Noch ist es zu früh, um von einem Durchbruch zu reden: Doch bei einem Treffen hat der italienische Innenminister Gesprächsbereitschaft in einer alten Streitfrage signalisiert.
Zwei Jahre ist es inzwischen her, seit Italien die Rückübernahme von sogenannten Dublin-Fällen aus der Schweiz und aus anderen europäischen Staaten suspendiert hatte. Das Dublin-Abkommen regelt, welcher Staat für die Prüfung eines Asylgesuchs zuständig ist. Danach ist jeder Staat verpflichtet, Personen zurückzunehmen, die auf seinem Gebiet bereits ein Asylgesuch gestellt hat. Doch im Dezember 2022 kündigte Italien an, wegen der grossen Zahl der ankommenden Flüchtlinge keine solchen Dublin-Fälle zurückzunehmen.
Während zwei Jahren hatten das Justiz- und Polizeidepartement sowie das Aussendepartement vergeblich versucht, Italien zu einem Umdenken zu bewegen. Die Bemühungen verliefen im Sande – bis offenbar am Dienstag. Anlässlich eines Arbeitstreffens mit Bundesrat Beat Jans in Chiasso kündigte der italienische Minister Matteo Piantedosi vor den Medien an, zu Gesprächen über die Wiederaufnahme von Dublin-Überstellungen bereit zu sein. Das teilte das EJPD nach dem Treffen in einer Medienmitteilung mit.
Bemerkenswerte Ankündigung
Seit Dezember 2022 ist die Zuständigkeit als Folge des Rückübernahmestopps für insgesamt 1219 Personen, die in Italien ein Gesuch gestellt haben, auf die Schweiz übergegangen. Das erklärte das Staatssekretariat für Migration (SEM) auf Anfrage. Die Zuständigkeit wechselt in der Regel nach Ablauf einer Frist von sechs Monaten. Bei wie vielen Asylbewerbern diese Frist noch nicht abgelaufen ist, konnte das SEM nicht sagen. Nur solche Personen müsste Italien nach einer allfälligen Aufhebung der Stopps wieder zurücknehmen.

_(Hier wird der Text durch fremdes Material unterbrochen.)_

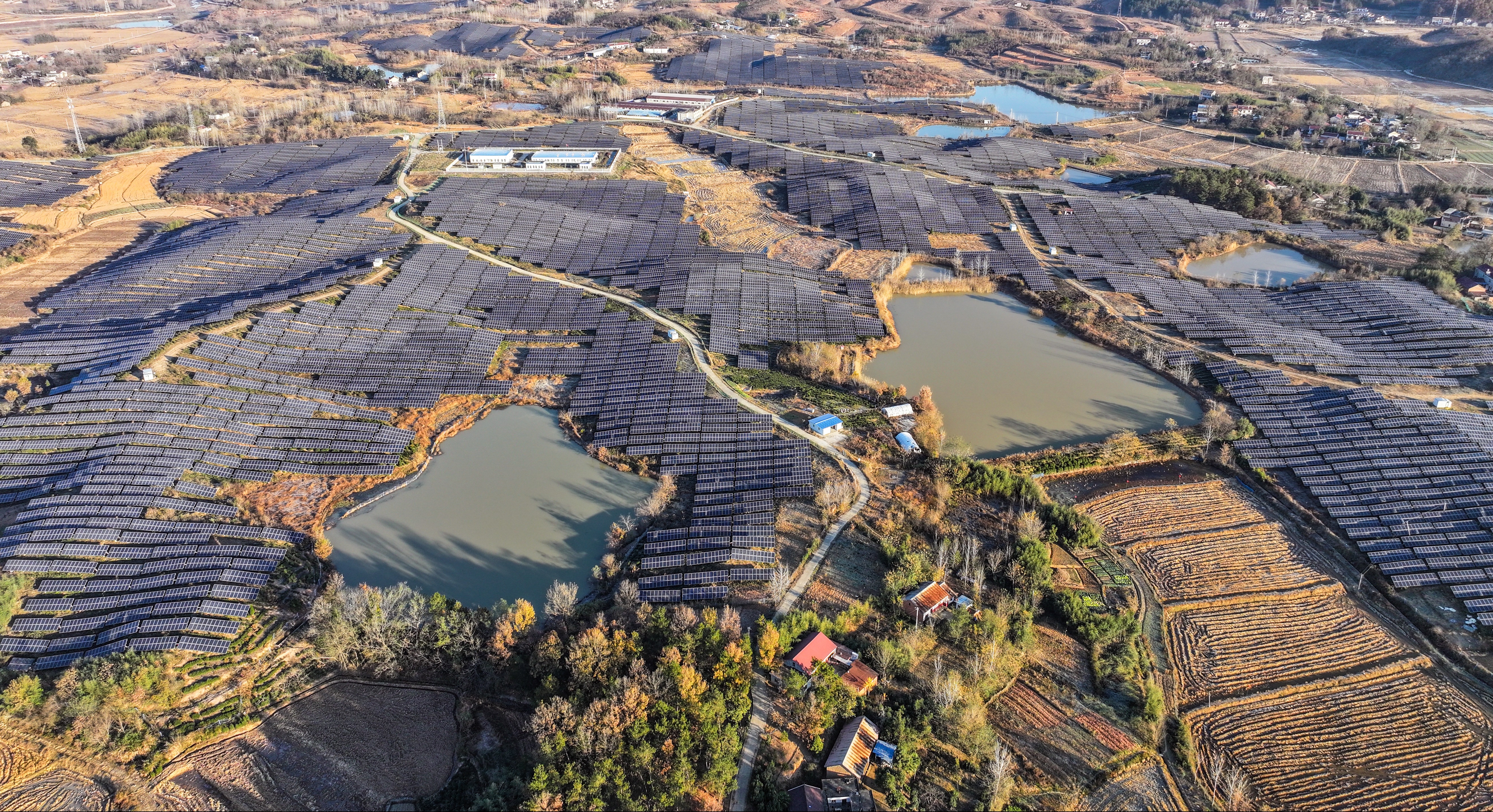 該電站2016年初并網(wǎng)發(fā)電,裝機(jī)容量10萬千瓦,在4000多畝荒地上開墾“種電”,發(fā)展“陽光經(jīng)濟(jì)”,2023年截至目前已發(fā)電1.5億余千瓦時。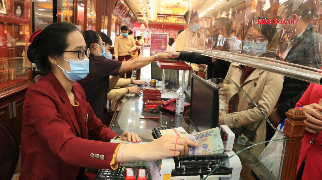 Giao dịch giữa nhân viên cửa hàng và khách hàng được ngăn cách bởi tấm kính, màn chắn an toàn. Nhiều người dân còn tận dụng giá vàng lên đỉnh, bán vàng kiếm lời.

Dennoch ist die Ankündigung bemerkenswert: Seit Monaten war das Dublin-System in der Krise und kam in ganz Europa kaum mehr aus den Schlagzeilen, jedoch scheint sich nun ein Schritt in Richtung Normalisierung abzuzeichnen. Piantedosi habe die Gesprächsbereitschaft mit dem Rückgang der Asylzahlen in Italien sowie mit dem EU-Migrations- und Asylpakt begründet, schreibt das EJPD in einer Medienmitteilung. Der EU-Pakt soll 2026 umgesetzt werden, mit dem Ziel, die EU-Aussengrenzen besser zu sichern und die Länder an den EU-Aussengrenzen zu entlasten.
Weniger Migranten kommen nach Italien
Die Nachricht zeigt, wie stark die Lage im Asylbereich auch in der Schweiz von der migrationspolitischen Entwicklung in ganz Europa abhängig ist. So ist der Rückgang der Asylzahlen in Italien nicht zuletzt auf Abkommen des Landes mit Tunesien und Libyen zurückzuführen, welche zur Eindämmung der irregulären Migration aus den nordafrikanischen Staaten beitragen sollen. Dies hat bereits zu einer spürbaren Entlastung geführt: Heute erreichen viel weniger Migranten die italienische Küste. Das wirkt sich im Übrigen auch auf die Schweizer Asylzahlen aus.
Gleichzeitig wird Italien vom EU-Migrations- und Asylpakt nur profitieren können, wenn es seine Verpflichtungen selbst ebenfalls wahrnimmt. Der EU-Pakt führt erstmals einen verbindlichen Solidaritätsmechanismus ein, mit dem sich die EU-Mitgliedstaaten gegenseitig unterstützen. Damit sollen Staaten, die unter besonderem Migrationsdruck stehen – wie die Länder an den EU-Aussengrenzen – entlastet werden. Die EU erwartet von den betreffenden Staaten allerdings Kooperationsbereitschaft.
Überraschend ist, dass Italien bereits mehr als ein Jahr vor der geplanten Umsetzung des neuen Migrations- und Asylpaktes nun erstmals Einlenken signalisiert. Noch ist es zu früh, um von einem Durchbruch zu sprechen. Piantedosi hat vorerst nur die Bereitschaft zu weiteren Gesprächen über dieses Thema in Aussicht gestellt. Diese sollen im kommenden Jahr in Rom stattfinden, wie das EJPD schreibt. Doch für Jans ist schon dies ein kleiner Erfolg in seinem wichtigsten Dossier.